Python Immutability and Memory Management

The Immutability Paradox

Question: If integers are immutable in Python, won’t counters that keep incrementing create thousands of new objects and dump memory?

Short Answer: No! Python’s sophisticated memory management prevents this problem.


How Python Manages Immutable Objects Efficiently

1. Reference Counting & Immediate Garbage Collection

When you do counter += 1, the old integer object loses its reference immediately and is freed from memory.

counter = 0
for i in range(1000000):
    counter += 1  # Old object freed immediately, only ONE object exists at a time

At any moment, only the current integer object exists in memory, not all million intermediate values.

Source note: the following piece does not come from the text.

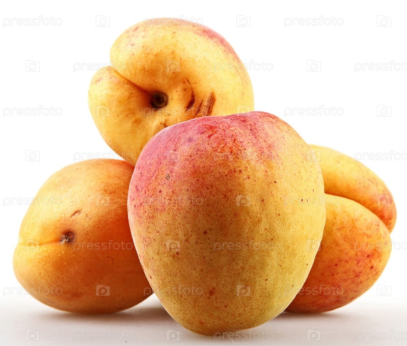 Свежие абрикосы на белом фоне
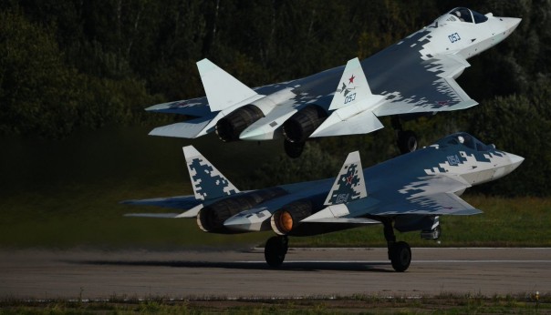 Российские многофункциональные истребители пятого поколения Су-57 на Международном авиационно-космическом салоне МАКС-2019

2. Small Integer Caching (-5 to 256)

Python pre-creates and caches integers from -5 to 256. These objects are never destroyed and are reused:

a = 100
b = 100
print(a is b)  # True - same object in memory!
print(id(a) == id(b))  # True

x = 1000
y = 1000
print(x is y)  # False - different objects (but still efficiently managed)

Result: Most counter operations (0-256) reuse the same pre-existing objects - zero memory overhead!

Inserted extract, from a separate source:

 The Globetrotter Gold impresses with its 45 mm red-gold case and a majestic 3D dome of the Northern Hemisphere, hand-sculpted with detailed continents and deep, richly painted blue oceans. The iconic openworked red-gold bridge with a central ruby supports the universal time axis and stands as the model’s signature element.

3. Integer Pool for Large Numbers

For integers > 256, Python maintains an internal free list to quickly reuse memory slots without allocating from scratch.


Why Make These Types Immutable?

If immutability requires creating new objects, why not make them mutable to avoid the overhead?

Reason 1: Hashability - Dictionary Keys & Sets

Immutable objects can be hashed and used as dictionary/set keys:

# Works because tuples and strings are immutable
my_dict = {(1, 2): "coordinates", "name": "value"}
my_set = {1, 2, 3, "hello"}

# If integers were mutable, this would be chaos:
x = 5
my_dict[x] = "five"
# Imagine if x could be changed to 6...
# Where would our data go? Hash tables would break!

Reason 2: No Surprising Side Effects

def add_tax(price):
    tax_rate = 0.1
    total = price + (price * tax_rate)
    return total

original_price = 100
final_price = add_tax(original_price)
print(original_price)  # Still 100! Function didn't modify it

If integers were mutable, passing them to functions would be unpredictable - you’d never know if they’d be changed.

Reason 3: Thread Safety

Immutable objects don’t need locks in concurrent programs - they can’t be modified, so no race conditions.

# Safe to share across threads
shared_config = (100, "production", True)
# No need for locks - it can't change!

Reason 4: Optimization Opportunities

Immutability enables optimizations like:

  • Integer caching
  • String interning
  • Safe object reuse
  • Compiler optimizations

These wouldn’t be possible with mutable objects!


Python’s Calling Convention: “Call by Object Reference”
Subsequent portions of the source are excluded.